03:22 While we've seen a bit of a drop in inflation, I think in real terms,
03:25 people's bills, their household bills, energy bills, food prices,
03:30 even larger costs like housing affordability, those are still pressing very, very hard.
03:35 And I think people don't feel that the Conservatives have necessarily managed the economy,
03:39 particularly after the farrago of the Prime Minister Trust's mini-budget,
03:44 that people are really still paying for in many, many ways.
03:47 Health care hasn't been sorted out.
03:49 You know, this will rumble on with every election, but this seems to have
03:52 tailed off particularly badly in the past four to five years.
03:55 And in a sense, where is the country going, this sort of more existential question of the economic recovery and jobs?
04:02 It's easy, perhaps two or three years now to look back at Covid and say, well, we're in a post pandemic era.
04:07 But in many ways, actually, job creation and support for small and medium sized businesses hasn't bounced back.
04:14 So there will be questions as to which of the governing parties, you know, is a better bet in terms of helping that resuscitation.
04:21 And then finally, you've got big ticket items like climate change.
04:24 You've got immigration and borders.
04:26 From my perspective, perhaps, you know, European foreign and security policy, Britain's role in the world.

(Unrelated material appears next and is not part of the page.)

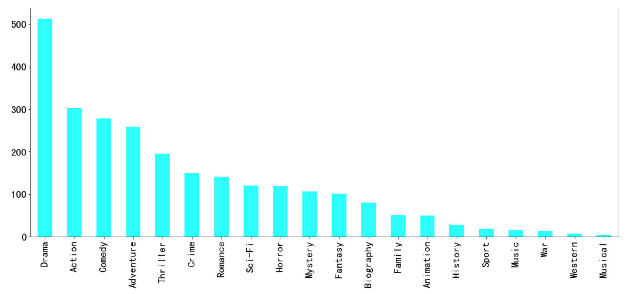 # 进行字符串分割 temp_list = [i.split(",") for i in df["Genre"]] # 获取电影的分类 genre_list = np.unique([i for j in temp_list for i in j]) # 增加新的列 temp_df = pd.DataFrame(np.zeros((df.shape[0],genre_list.shape[0])),columns=genre_list)

04:31 It just kind of depends on which of the which of those levers, which of those issue buttons, if you like,
04:36 the the parties are going to press as they campaign up and down the country for the next six weeks.
04:41 Amelia, we shall no doubt talk much more about this over the coming weeks.
04:44 For the moment, thank you for that.
04:45 Amelia Hadfield from the Department of Politics at the University of Surrey.